Segment Start: Source data

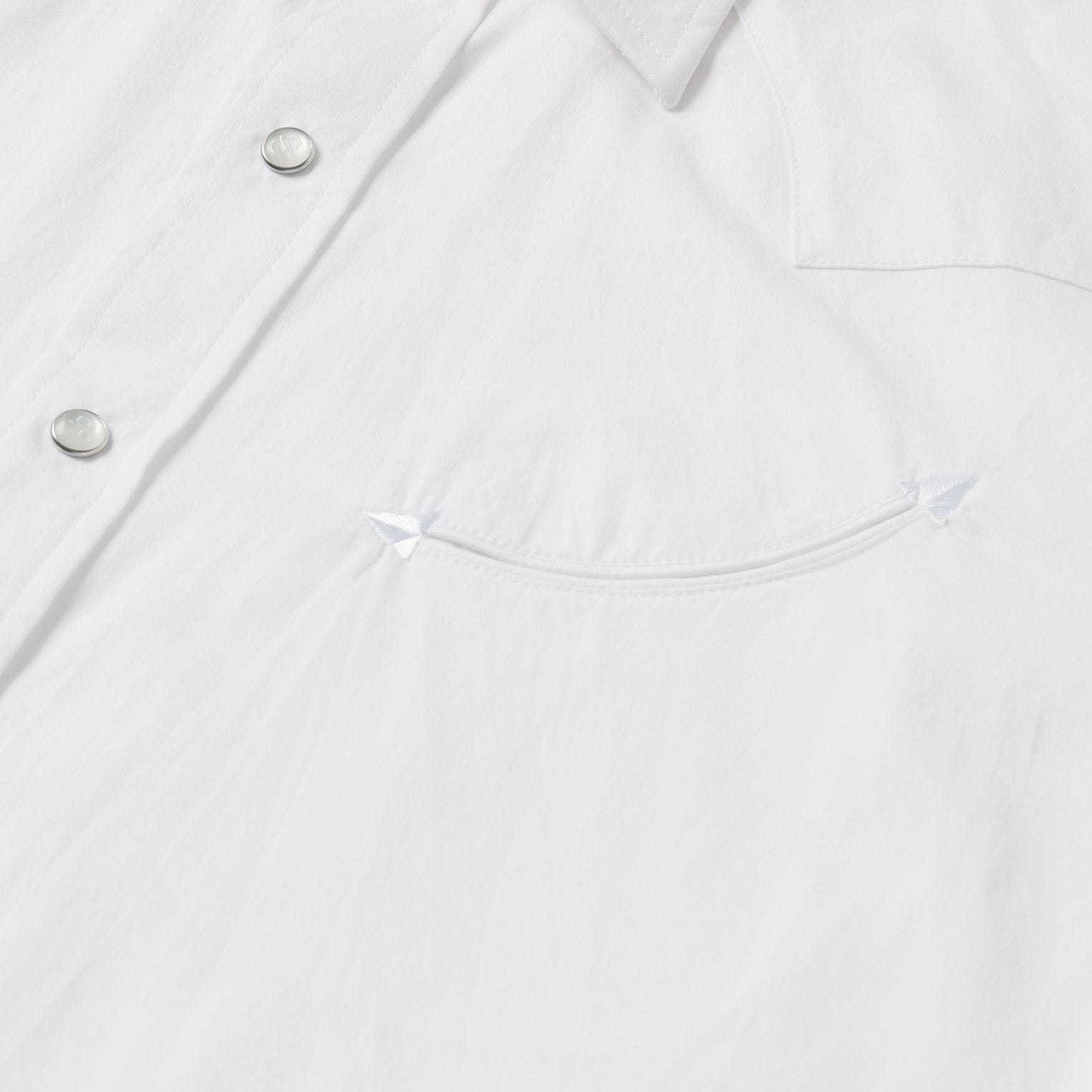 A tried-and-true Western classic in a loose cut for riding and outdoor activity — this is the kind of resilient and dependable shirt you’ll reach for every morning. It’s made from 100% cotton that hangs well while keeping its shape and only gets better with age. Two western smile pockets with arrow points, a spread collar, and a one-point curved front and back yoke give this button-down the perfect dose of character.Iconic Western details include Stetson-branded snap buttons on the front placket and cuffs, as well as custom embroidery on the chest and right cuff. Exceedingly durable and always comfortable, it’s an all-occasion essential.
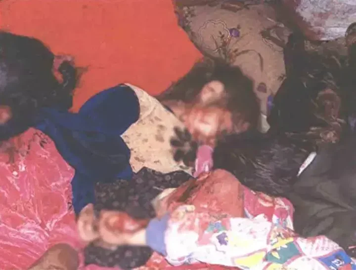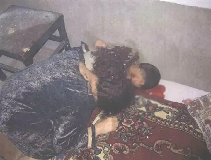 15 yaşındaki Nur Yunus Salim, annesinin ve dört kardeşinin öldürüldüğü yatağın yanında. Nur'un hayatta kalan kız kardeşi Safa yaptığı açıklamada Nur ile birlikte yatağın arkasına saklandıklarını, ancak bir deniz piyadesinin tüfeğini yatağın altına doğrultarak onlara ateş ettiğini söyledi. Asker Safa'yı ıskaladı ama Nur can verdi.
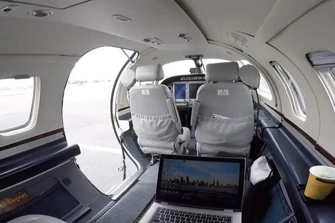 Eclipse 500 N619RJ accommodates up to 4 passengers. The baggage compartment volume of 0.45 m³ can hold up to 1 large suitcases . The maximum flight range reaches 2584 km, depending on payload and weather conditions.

Segment End: Source data

Work order
Only the lines from the one containing "15 yaşındaki Nur" through the final line of the material should appear in the answer, copied exactly and without any picture.

Answer space
 15 yaşındaki Nur Yunus Salim, annesinin ve dört kardeşinin öldürüldüğü yatağın yanında. Nur'un hayatta kalan kız kardeşi Safa yaptığı açıklamada Nur ile birlikte yatağın arkasına saklandıklarını, ancak bir deniz piyadesinin tüfeğini yatağın altına doğrultarak onlara ateş ettiğini söyledi. Asker Safa'yı ıskaladı ama Nur can verdi.
 Eclipse 500 N619RJ accommodates up to 4 passengers. The baggage compartment volume of 0.45 m³ can hold up to 1 large suitcases . The maximum flight range reaches 2584 km, depending on payload and weather conditions.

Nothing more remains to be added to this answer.